One definition of optimism is ‘A tendency to expect the best possible outcome or dwell on the most hopeful aspects of a situation’. There was much optimism on display at the talk given by John Delaney (Head of Built Environment) and Phillip Horsfield (Head of Legal Services), both from Broxtowe Borough Council. The audience at John Clifford School enjoyed a frank, respectful and pretty positive interchange.
It soon emerged that everything on the drawing board and beyond was being considered under a cloud of financial constraints, many schemes under consideration being rendered impossible by the situation. However, that did not hinder a list of positive outcomes, some revealed exclusively at the meeting, the main one being that the newly restored exterior of St John’s church will be uplit, a very pleasing sight for people arriving by tram (and any other transport for that matter).

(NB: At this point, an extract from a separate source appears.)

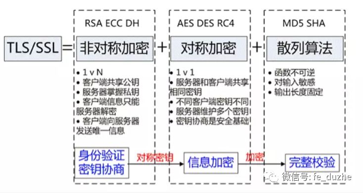 HTTPS 协议的主要功能基本都依赖于 TLS/SSL 协议,TLS/SSL 的功能实现主要依赖于三类基本算法:散列函数 、对称加密和非对称加密,其利用非对称加密实现身份认证和密钥协商,对称加密算法采用协商的密钥对数据加密,基于散列函数验证信息的完整性。
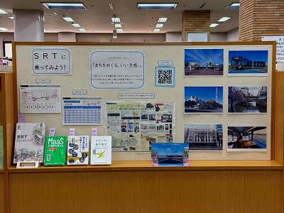 鶴舞中央図書館1階の中区・昭和区コーナーで「SRTに乗ってみよう」と題して展示をしています。

John followed the introduction with an estimated timetable for works over the next few months, which included:
- Tram work complete March
- Bus/tram interchange work start March, and therefore bus station will close
- Bus terminus relocating to Humber Road/Regent Street while the bus station is closed
- Taxi rank will move to Church Street
- Secure cycle hub and extra car parking will be provided at Beeston train station, followed up later with replacement of station steps and possibility of lift access to the platforms
- Old Beeston Market will be cleared
- Final tenant will move in to new square development in April
- Temporary car parking facilities to be built on Fire station site in April
- The Built Environment students at University of Nottingham have been designing their vision for Phase 2 (the plot where the old fire station stood and current bus station stands and adjoining vacant areas) and there will be an exhibition of their work in June
- Key decisions on Phase 2 after May 2015
- Trams should be running by August
All along, the Council representatives encouraged for input from the community. They want to mould outcomes in line with people’s views. The poll conducted last year has informed spending last year (eg improvements to shop fronts and special events). It was clear that Beeston town centre is attracting a lot of interest from developers, partly because of the proximity of the park-and-ride car park (at Bardill’s) only a few minutes away by tram. Some items were discussed during an extensive question and answer period, but deemed impossible due to funding constraints:
- A living wall or mural on the ugly works access wall to the Square on Station Road
- Upgrade to the Square podium
- Leaving Phase 2 as open space
- Underground parking
- Underground tram
Phillip outlined eloquently the impossibility of attracting retailers here if they do not see for themselves the correct profile of potential customers. We were left with the clear impression at the end of the meeting that despite lack of funds and the difficulties of the last few years, our area is changing for the better and attracting interesting prospects for further development.